### RAW DATA
________________________________________

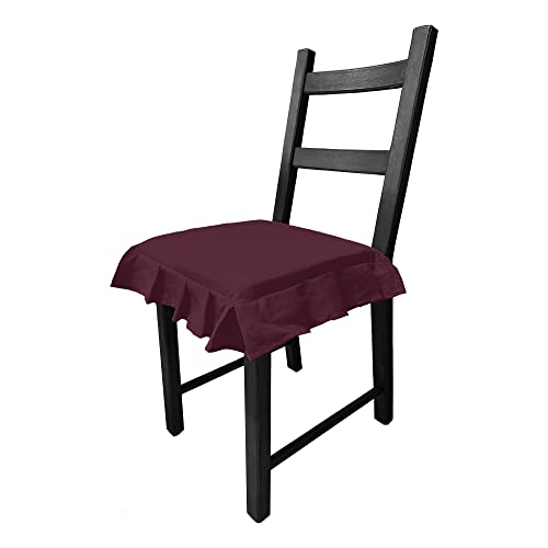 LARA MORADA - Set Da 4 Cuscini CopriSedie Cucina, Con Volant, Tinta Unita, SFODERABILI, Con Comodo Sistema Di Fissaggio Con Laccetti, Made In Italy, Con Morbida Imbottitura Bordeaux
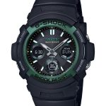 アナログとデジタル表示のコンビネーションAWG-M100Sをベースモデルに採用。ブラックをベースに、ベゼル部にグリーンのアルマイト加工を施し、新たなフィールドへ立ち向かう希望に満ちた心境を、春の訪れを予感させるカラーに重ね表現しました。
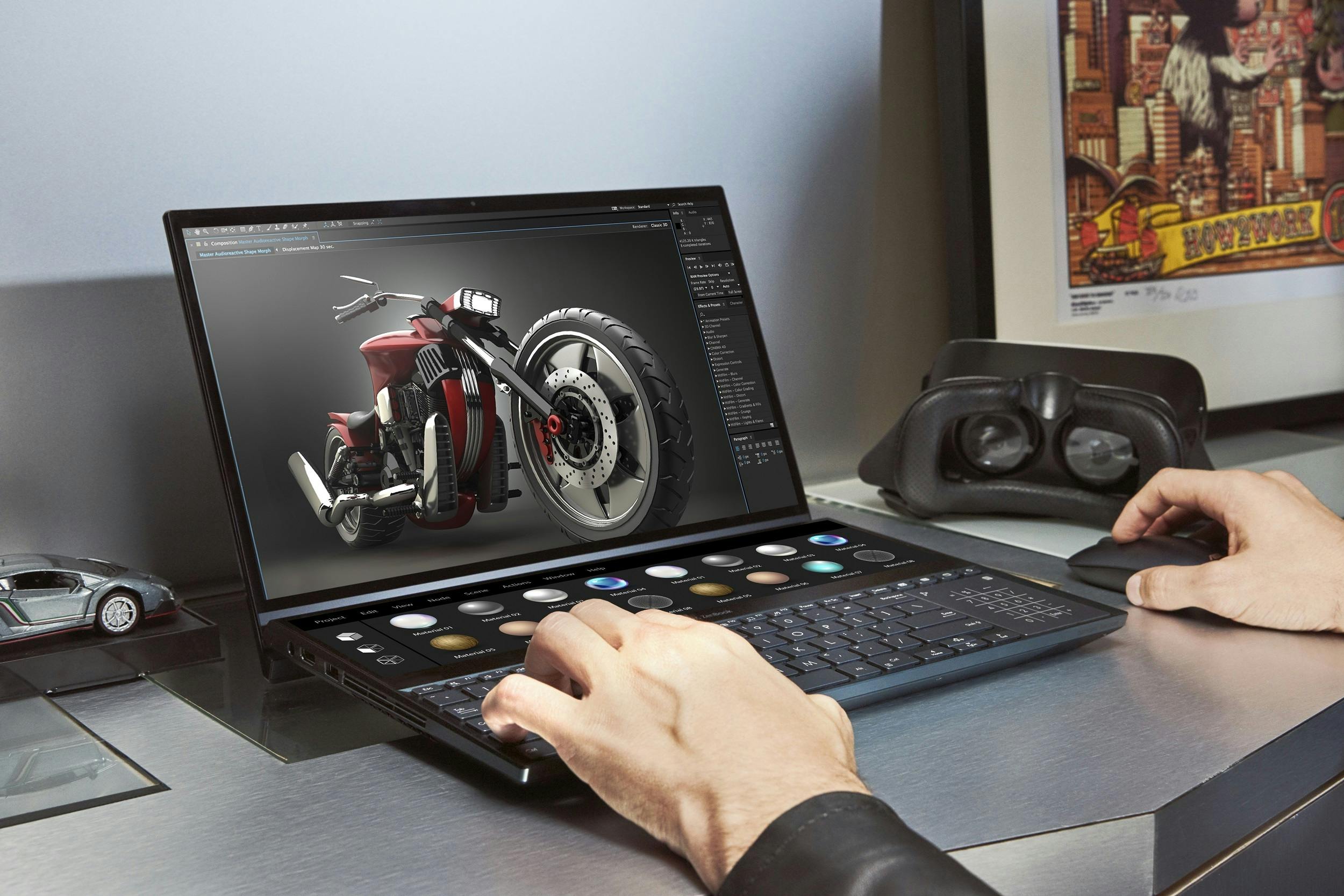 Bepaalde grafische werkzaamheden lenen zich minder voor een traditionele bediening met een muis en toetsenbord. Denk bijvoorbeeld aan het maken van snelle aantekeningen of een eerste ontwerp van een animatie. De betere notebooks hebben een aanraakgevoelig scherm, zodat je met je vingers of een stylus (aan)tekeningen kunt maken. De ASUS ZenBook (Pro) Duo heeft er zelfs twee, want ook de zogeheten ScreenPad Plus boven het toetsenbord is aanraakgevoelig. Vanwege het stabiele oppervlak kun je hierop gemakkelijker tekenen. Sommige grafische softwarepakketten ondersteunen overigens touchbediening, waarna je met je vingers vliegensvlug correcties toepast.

________________________________________

### PROBLEM DETAILS
Please give back every line above exactly as it stands, without pictures.

### EXERCISE RESULT
 LARA MORADA - Set Da 4 Cuscini CopriSedie Cucina, Con Volant, Tinta Unita, SFODERABILI, Con Comodo Sistema Di Fissaggio Con Laccetti, Made In Italy, Con Morbida Imbottitura Bordeaux
 アナログとデジタル表示のコンビネーションAWG-M100Sをベースモデルに採用。ブラックをベースに、ベゼル部にグリーンのアルマイト加工を施し、新たなフィールドへ立ち向かう希望に満ちた心境を、春の訪れを予感させるカラーに重ね表現しました。
 Bepaalde grafische werkzaamheden lenen zich minder voor een traditionele bediening met een muis en toetsenbord. Denk bijvoorbeeld aan het maken van snelle aantekeningen of een eerste ontwerp van een animatie. De betere notebooks hebben een aanraakgevoelig scherm, zodat je met je vingers of een stylus (aan)tekeningen kunt maken. De ASUS ZenBook (Pro) Duo heeft er zelfs twee, want ook de zogeheten ScreenPad Plus boven het toetsenbord is aanraakgevoelig. Vanwege het stabiele oppervlak kun je hierop gemakkelijker tekenen. Sommige grafische softwarepakketten ondersteunen overigens touchbediening, waarna je met je vingers vliegensvlug correcties toepast.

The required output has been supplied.